**Task directions**. With the pictures left out, print exactly the lines below that run from the one containing "Am Nachmittag unternehmen" through the one containing "Dans six mois, mes".

**Supplied material**.
------

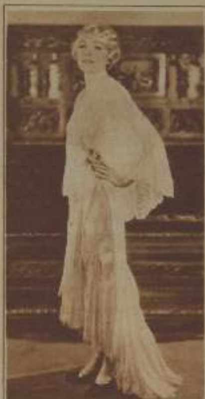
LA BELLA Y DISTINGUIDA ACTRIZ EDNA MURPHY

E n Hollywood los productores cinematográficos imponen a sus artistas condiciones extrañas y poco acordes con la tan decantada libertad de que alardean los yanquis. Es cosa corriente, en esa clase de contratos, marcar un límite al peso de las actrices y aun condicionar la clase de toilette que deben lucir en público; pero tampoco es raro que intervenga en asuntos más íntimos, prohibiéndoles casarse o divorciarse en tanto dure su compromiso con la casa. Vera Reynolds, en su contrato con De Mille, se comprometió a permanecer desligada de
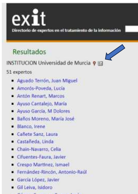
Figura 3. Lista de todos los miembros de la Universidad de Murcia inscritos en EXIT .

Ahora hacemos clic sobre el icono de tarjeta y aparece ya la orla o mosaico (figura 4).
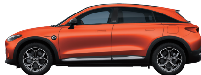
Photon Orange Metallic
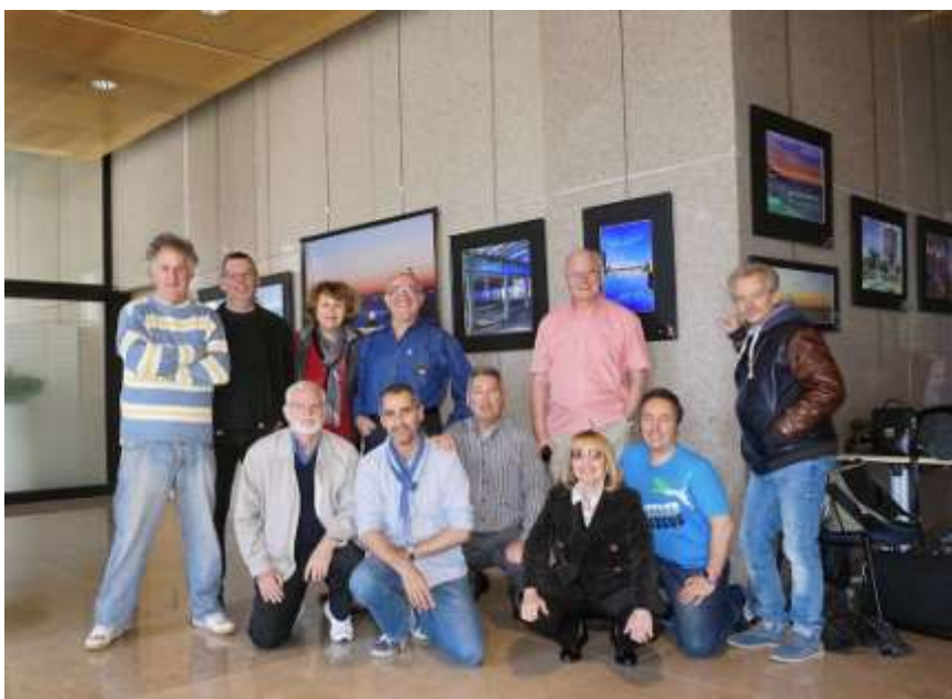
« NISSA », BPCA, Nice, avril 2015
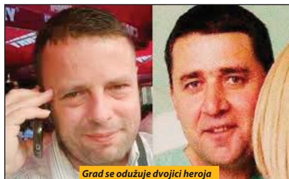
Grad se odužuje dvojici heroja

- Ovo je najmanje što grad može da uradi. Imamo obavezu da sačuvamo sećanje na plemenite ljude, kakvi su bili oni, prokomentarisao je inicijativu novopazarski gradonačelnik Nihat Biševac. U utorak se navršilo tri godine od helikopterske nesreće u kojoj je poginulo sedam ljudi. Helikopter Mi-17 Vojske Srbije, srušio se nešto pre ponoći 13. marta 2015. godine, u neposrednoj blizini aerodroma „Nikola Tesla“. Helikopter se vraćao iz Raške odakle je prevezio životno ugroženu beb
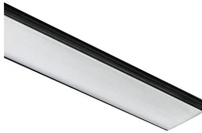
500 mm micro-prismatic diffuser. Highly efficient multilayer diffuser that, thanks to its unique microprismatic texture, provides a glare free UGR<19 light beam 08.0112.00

------

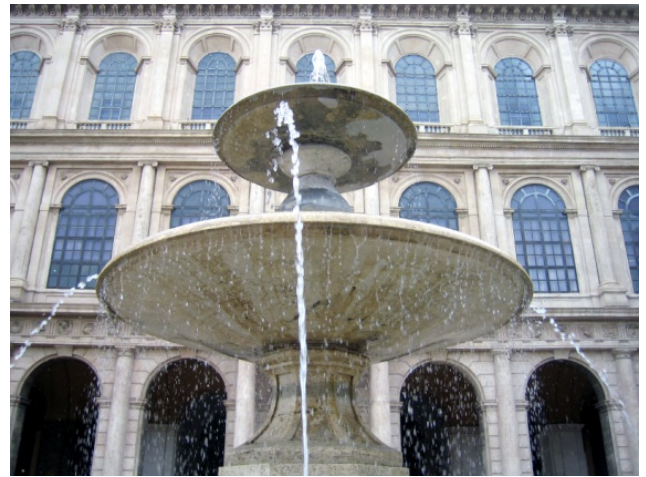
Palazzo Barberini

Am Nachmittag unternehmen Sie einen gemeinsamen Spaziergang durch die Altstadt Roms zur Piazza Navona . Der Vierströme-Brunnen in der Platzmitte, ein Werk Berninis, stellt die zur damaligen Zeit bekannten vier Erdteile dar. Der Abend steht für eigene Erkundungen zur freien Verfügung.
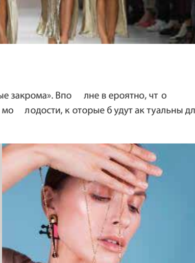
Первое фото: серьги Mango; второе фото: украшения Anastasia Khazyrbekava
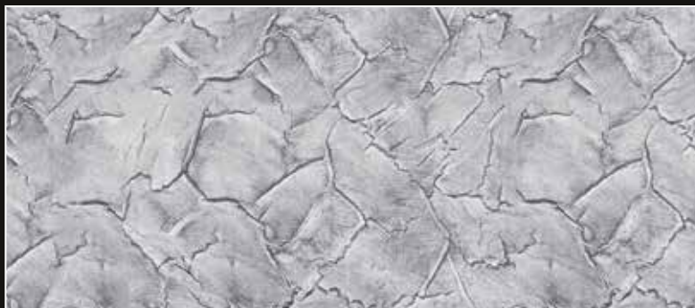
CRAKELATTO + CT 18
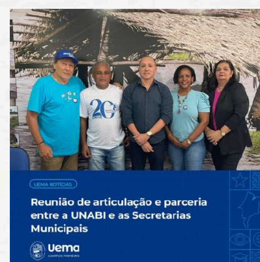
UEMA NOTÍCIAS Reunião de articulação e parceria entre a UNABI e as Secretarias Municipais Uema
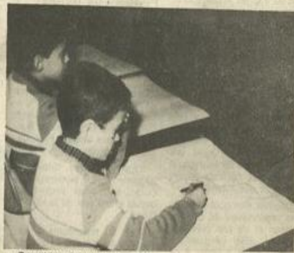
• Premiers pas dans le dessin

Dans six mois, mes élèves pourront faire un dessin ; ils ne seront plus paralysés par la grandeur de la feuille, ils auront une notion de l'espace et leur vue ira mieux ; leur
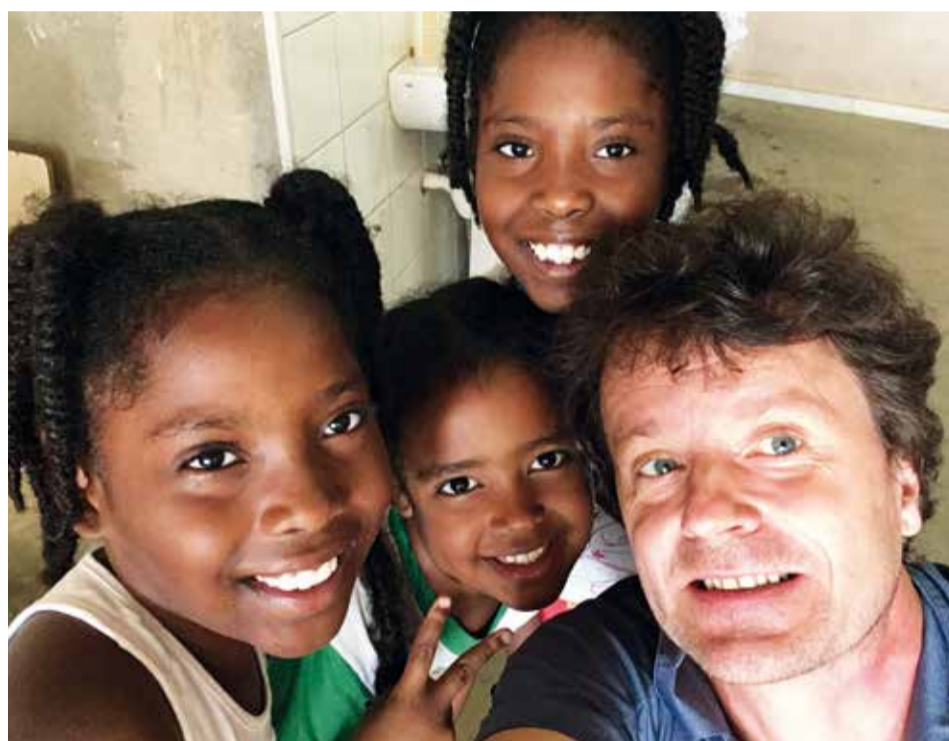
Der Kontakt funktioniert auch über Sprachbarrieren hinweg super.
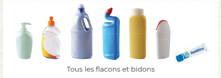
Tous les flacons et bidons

------

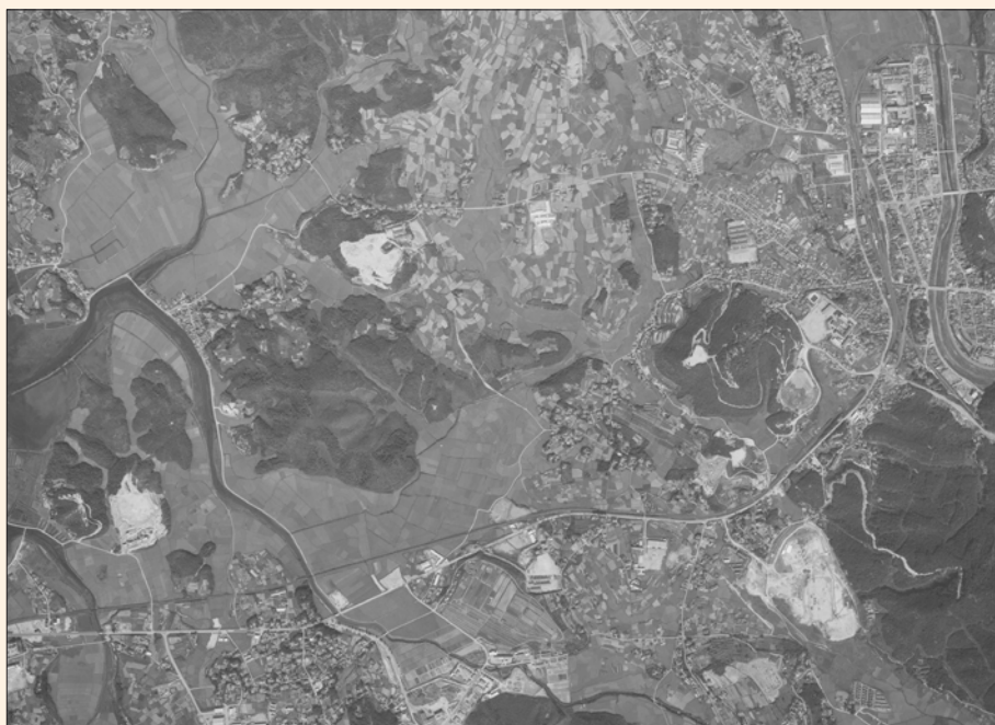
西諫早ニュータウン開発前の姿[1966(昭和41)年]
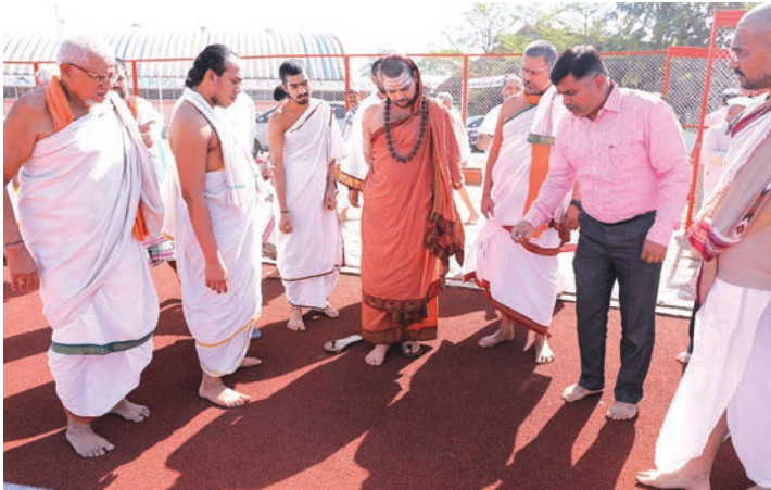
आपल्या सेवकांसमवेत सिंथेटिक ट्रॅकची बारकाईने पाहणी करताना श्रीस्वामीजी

------

**Answer space**.
Am Nachmittag unternehmen Sie einen gemeinsamen Spaziergang durch die Altstadt Roms zur Piazza Navona . Der Vierströme-Brunnen in der Platzmitte, ein Werk Berninis, stellt die zur damaligen Zeit bekannten vier Erdteile dar. Der Abend steht für eigene Erkundungen zur freien Verfügung.
Первое фото: серьги Mango; второе фото: украшения Anastasia Khazyrbekava
CRAKELATTO + CT 18
UEMA NOTÍCIAS Reunião de articulação e parceria entre a UNABI e as Secretarias Municipais Uema
• Premiers pas dans le dessin

Dans six mois, mes élèves pourront faire un dessin ; ils ne seront plus paralysés par la grandeur de la feuille, ils auront une notion de l'espace et leur vue ira mieux ; leur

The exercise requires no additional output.